**Directions:**
From the line with "作為一款城市通勤代步車,M-Girl充分" through the line with "We planned to", repeat the entries verbatim, both end lines included, and add nothing.

**Provided data:**

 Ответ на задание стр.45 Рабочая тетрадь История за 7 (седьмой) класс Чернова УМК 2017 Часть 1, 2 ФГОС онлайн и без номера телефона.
--
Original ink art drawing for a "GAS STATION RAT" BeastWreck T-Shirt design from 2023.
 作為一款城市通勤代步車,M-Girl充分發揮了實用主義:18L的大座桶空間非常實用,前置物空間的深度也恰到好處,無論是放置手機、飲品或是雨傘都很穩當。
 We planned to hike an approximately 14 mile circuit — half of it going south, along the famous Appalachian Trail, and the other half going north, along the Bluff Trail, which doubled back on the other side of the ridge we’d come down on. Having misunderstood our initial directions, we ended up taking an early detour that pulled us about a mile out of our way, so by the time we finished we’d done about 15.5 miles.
* * *
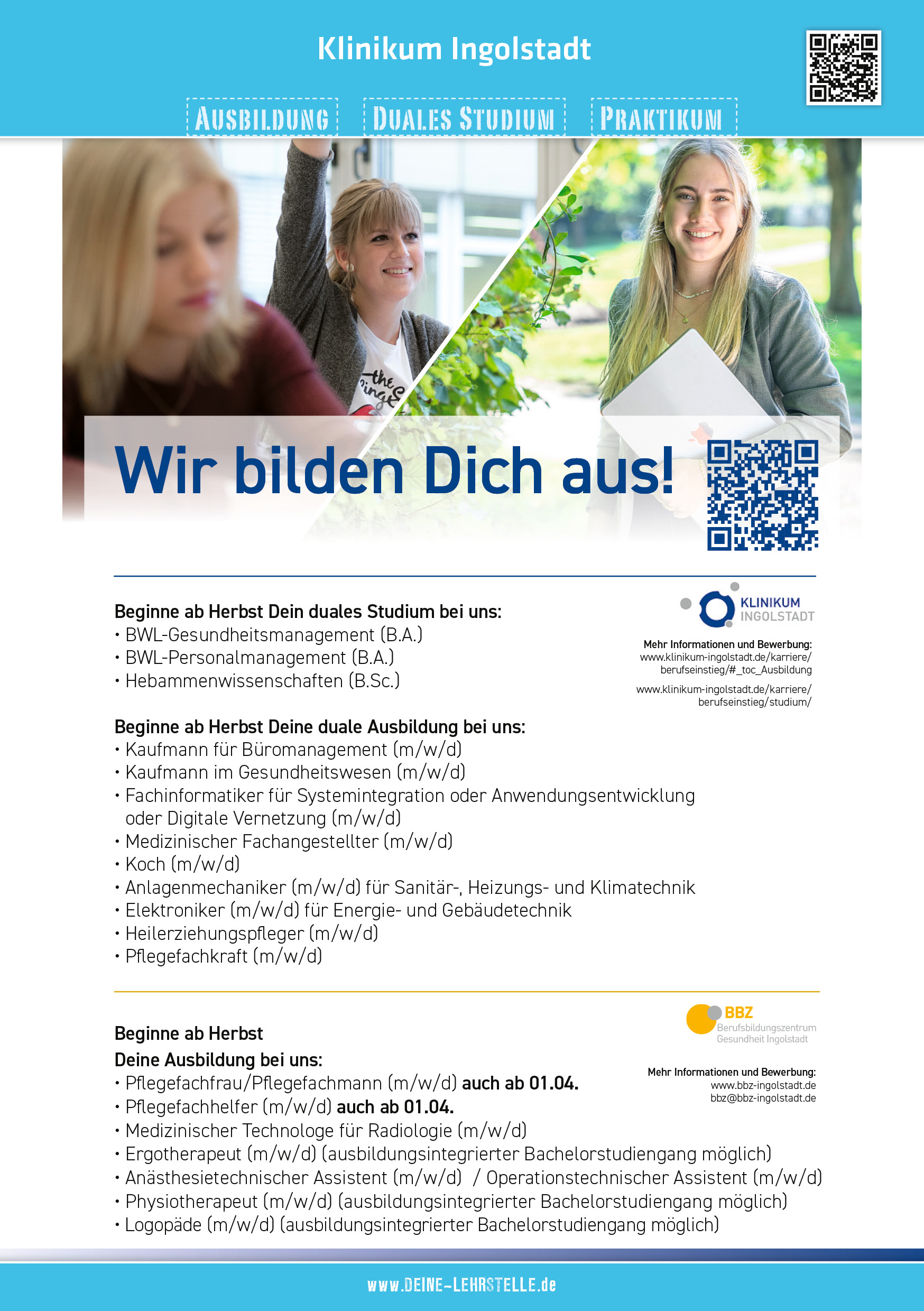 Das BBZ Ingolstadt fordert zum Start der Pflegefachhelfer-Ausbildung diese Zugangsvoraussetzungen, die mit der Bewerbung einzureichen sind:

**Expected answer:**
 作為一款城市通勤代步車,M-Girl充分發揮了實用主義:18L的大座桶空間非常實用,前置物空間的深度也恰到好處,無論是放置手機、飲品或是雨傘都很穩當。
 We planned to hike an approximately 14 mile circuit — half of it going south, along the famous Appalachian Trail, and the other half going north, along the Bluff Trail, which doubled back on the other side of the ridge we’d come down on. Having misunderstood our initial directions, we ended up taking an early detour that pulled us about a mile out of our way, so by the time we finished we’d done about 15.5 miles.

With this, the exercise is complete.